I'm experiencing an issue calling xargs inside a bash script to parallelize the launch of a function.
I have this line:
grep -Ev '^#|^$' "$listOfTables" | xargs -d '\n' -l1 -I args -P"$parallels" bash -c "doSqoop 'args'"
that launches the function doSqoop that I previously exported.
I am passing to xargs and then to bash -c a single, very long line, containing fields that I split and handle inside the function.
It is something like schema|tab|dest|desttab|query|splits|.... that I read from a file, via the grep command above. I am fine with this solution, I know xargs can split the line on | but I'm ok this way.

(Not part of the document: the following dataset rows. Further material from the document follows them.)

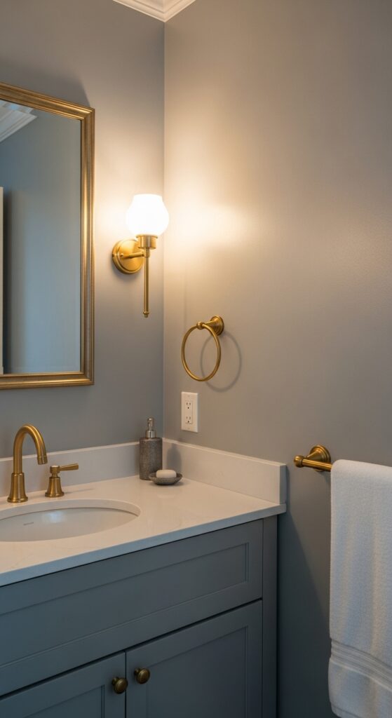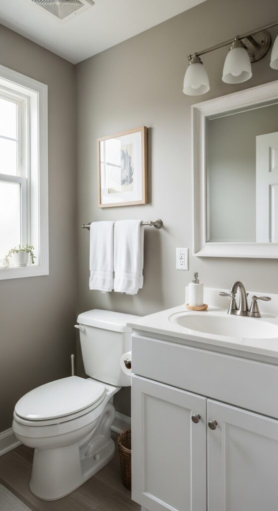 While cool greys can make small spaces feel stark and unwelcoming, choosing warm grey paint colors alters your half bathroom into a cozy retreat that guests will actually enjoy using. You’ll want to select inviting neutral tones with beige, taupe, or soft brown undertones that create warmth without sacrificing sophistication.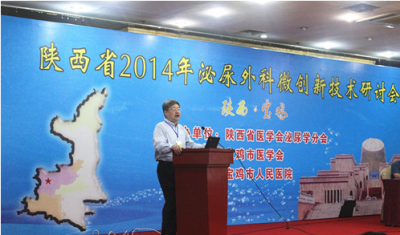 9月12-14日,由陕西省医学会泌尿外科学分会主办、我院泌尿外科协办、宝鸡市人民医院承办的“陕西省2014年泌尿外科微创新技术研讨会”在宝鸡市隆重召开。来自湖南、湖北、山西、甘肃、青海、宁夏及省内的泌尿外科专家和来自陕西各地的泌尿外科或外科医生350余人相聚宝鸡,共同探讨泌尿外科微创新技术的应用及发展。会议进行了高水平的学术讲座及手术演示。我院泌尿外科王子明教授、种铁主任、李和程副教授、张鹏副教授分别就医患关系、前列腺癌的腹腔镜治疗、腹腔镜肾切除关键问题、泌尿系结石诊疗指南解读等内容作精彩学术报告。种铁主任、李和程副教授进行了包括“腹腔镜下肾部分切除术”在内的手术演示。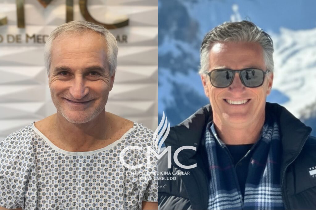 Por se tratar de cabelos do próprio paciente, a harmonia entre fios brancos e escuros se mantém. Mesmo quando há uma quantidade maior de fios brancos na hairline, é possível construir uma linha frontal extremamente natural e sofisticada, respeitando o padrão do cabelo existente.
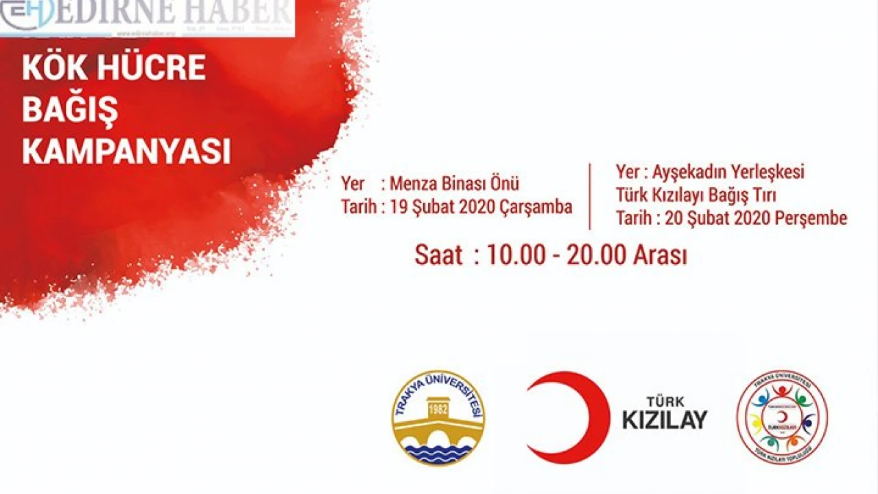Sağlık Kültür ve Spor Daire Başkanlığı öncülüğünde ve Türk Kızılayı Edirne Şubesi’nin destekleriyle 19 Şubat Salı günü Balkan Yerleşkesi Menza binası önünde, 20 Şubat 2020 Çarşamba günü ise Ayşekadın Yerleşkesi’nde kurulacak çadırlarda öğrenciler, akademisyenler ve çalışanların yanı sıra vatandaşlar kan bağışında bulunabilecek.

It used to work well since I had to add another field at the end, which contains this kind of value:
field1='varchar(12)',field2='varchar(4)',field3='timestamp',....
Now I have this error:
bash: -c: line 0: syntax error near unexpected token '('
I tried to escape the pharhentesis and and single quotes, without success.
It appears to me that bash -c is interpreting the arguments
Use GNU parallel that can call exported functions, and also has an easier syntax and much more capabilities.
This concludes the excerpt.